A ruiva bufou e encostou-se na parede da fachada da loja onde aguardavam por Lílian, disfarçados apenas pela grande quantidade de alunos e pais que andavam pelo Beco Diagonal em busca dos materiais para o ano letivo. Demorou algum tempo para que pudessem finalmente agir – antes de Lílian, reconheceu Alice e Frank Longbottom cumprimentando os rapazes na sorveteria, além de outros diversos alunos e admiradoras de Sirius. Os garotos pareciam, de fato, extremamente populares.

Reconheceu a mãe de Harry principalmente pelos olhos verdes que a trouxe um novo aperto no peito de saudade do amigo que parecia não existir mais. Os cabelos eram ruivos como os dela mesma e os traços do rosto eram delicados, iluminados pela risada que dava ao lado de uma amiga que não pôde reconhecer.

Harry a segurou quando tentou se dirigir até eles: "o que é que você vai dizer? Olá, meu nome é Gina Weasley e eu vim para proteger você, Lílian. Posso ser sua amiga?". Ela bufou mais uma vez, indignada por ele parecer sempre ter razão e cruzou os braços emburrada. Observá-los sem poder agir já estava deixando-a impaciente – tão impaciente que não notou quando levantaram-se da sorveteria e seguiram caminho entre a multidão. Se não fosse por Harry, teria os perdido de vista.

Acompanharam os amigos pela farmácia, pela Madame Malkins e, ao que pareceu ser o total desgosto de Lílian, a Artigos de Qualidade para Quadribol antes de se juntarem a eles na Floreios e Borrões. Abarrotada de gente, Gina não entendeu muito bem porque Harry havia escolhido o local para interagirem – preferia tê-lo feito na sorveteria há algum tempo. Ela suspirou e tentou pensar como iniciaria uma conversa, mas antes que pudesse se decidir por algum plano, viu Harry deixando um livro cair aberto em suas mãos. Gina se atrapalhou para segurá-lo e acabou derrubando-o no chão. Teve que contar até dez em sua mente para não gritar com o rapaz que sumira de vista menos de um segundo depois de jogar o livro para ela.

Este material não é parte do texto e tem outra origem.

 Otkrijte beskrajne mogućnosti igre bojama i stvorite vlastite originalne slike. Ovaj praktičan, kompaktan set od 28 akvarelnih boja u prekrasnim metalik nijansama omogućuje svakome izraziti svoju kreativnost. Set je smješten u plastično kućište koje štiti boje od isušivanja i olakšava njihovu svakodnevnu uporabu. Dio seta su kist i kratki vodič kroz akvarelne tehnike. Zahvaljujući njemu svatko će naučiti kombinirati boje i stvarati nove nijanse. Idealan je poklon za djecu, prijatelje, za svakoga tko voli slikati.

Abaixou-se para pegar o livro no chão e sentiu sua cabeça colidir com algo enquanto se levantava. Soltou um gemido um tanto quando estridente de dor e massageou a nuca tentando se acalmar – por que é que tudo estava dando errado naquele dia?

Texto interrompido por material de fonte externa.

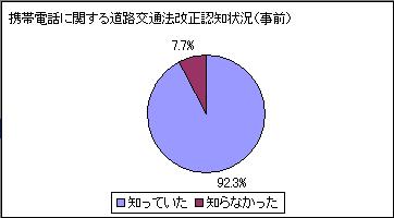 携帯電話使用に関する道路交通改正認知者は、実に92,3%となっており、関心が高いことがうかがえる結果となった。
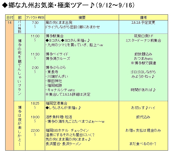 日程表は参加者にメール配布しまつ♪その前に仕事をヤッツケマッスル・・・・あたたたたたっ♪

— Me desculpa! — Ouviu a dona do queixo que talvez fosse o mais duro de Londres dizer e deu um sorriso amarelo que se transformou em espanto quando viu os olhos verdes e o cabelo cor de fogo. — Isso é sobre magia de cura?! Onde encontrou esse livro?

Ainda sem reação, Gina fitou o livro em suas mãos – de fato parecia tratar de magias brancas avançadas, majoritariamente relacionadas a propriedades curativas. Abriu os lábios para responder mas não pôde dizer nada: apenas encarou os olhos verdes brilhantes de interesse em sua frente.

— Quero aprender tudo sobre cura! Eu me formo esse ano em Hogwarts e penso em estudar para ser medibruxa – não sei porquê, mas sempre me dei bem com esse tipo de magia. Antes de descobrir que era bruxa, eu sempre conseguia reanimar as flores da minha mãe que estavam perto de morrer e uma vez eu até consegui emendar a perna quebrada de um gato de tive!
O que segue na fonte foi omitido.